This procedure needs a body. So, let’s look at that next. It should do some pretty common checks then take each deadlock into consideration, one at a time and perform some processing on it. You will find below the high-level algorithm that will be used:

"Check source and destination table existence"

"Create temporary destination table"

"Get the list of new deadlocks into temporary table"

FOREACH new deadlock in temporary table

"Shred Deadlock XML graph and insert into temporary destination table"

"update temporary destination table with related object names"

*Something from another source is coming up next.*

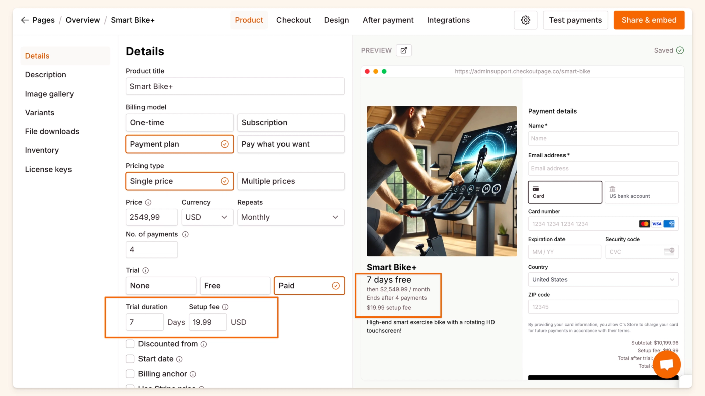 If you choose to add a paid trial, the setup price will become the trial price.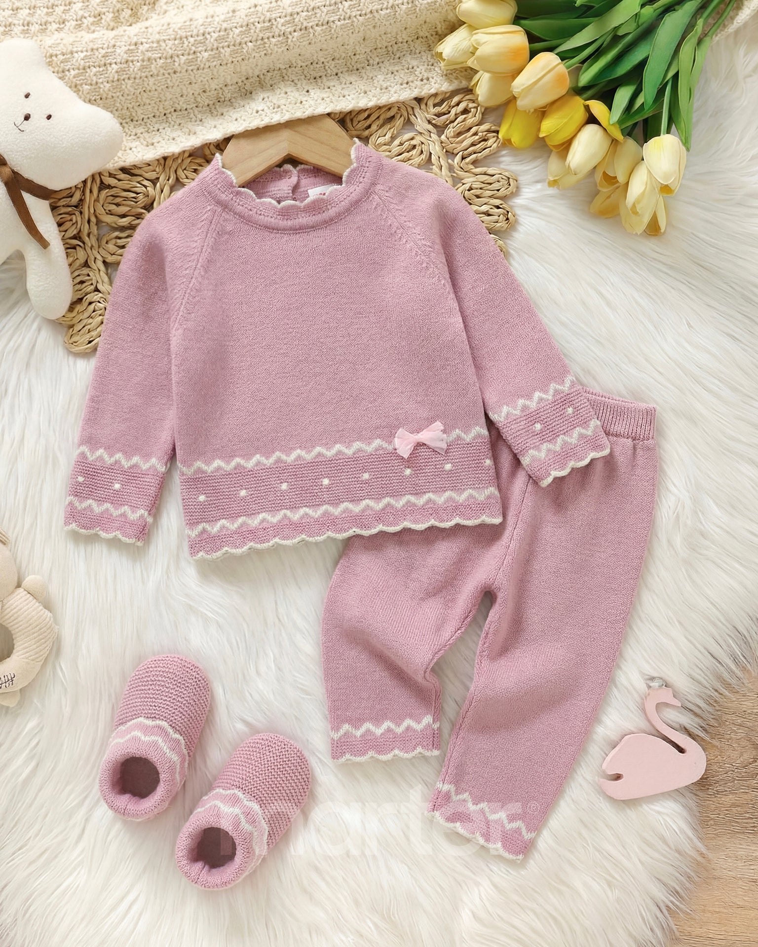 طقم جميل للبنات من 3 قطع فاخرة مزين بقلوب صغيرة

"update temporary destination table with T-SQL text corresponding to each sql_handle value"

DONE

"Store temporary destination table contents to actual destination table"

Most operations around the loop are pretty trivial. Getting back T-SQL text for a particular value of sql_handle is also pretty straight-forward using sys.dm_exec_sql_text built-in function. The same goes for the previous operation that consists in the update of records with object names corresponding to a particular ObjectId (associatedObjectId attribute of keylock element in resource-list section) once we know that the identifier we got back relates to records in sys.partitions table. So, the critical (and most difficult) part of this algorithm resides in following step: “Shred Deadlock XML graph and insert into temporary destination table“. We will review fundamentals that lead to its working implementation. Note

A part of this step, that we can’t neglect, makes use of set-based programming approached that is discussed in another series on SQLShack. In following, we will assume you know these principles.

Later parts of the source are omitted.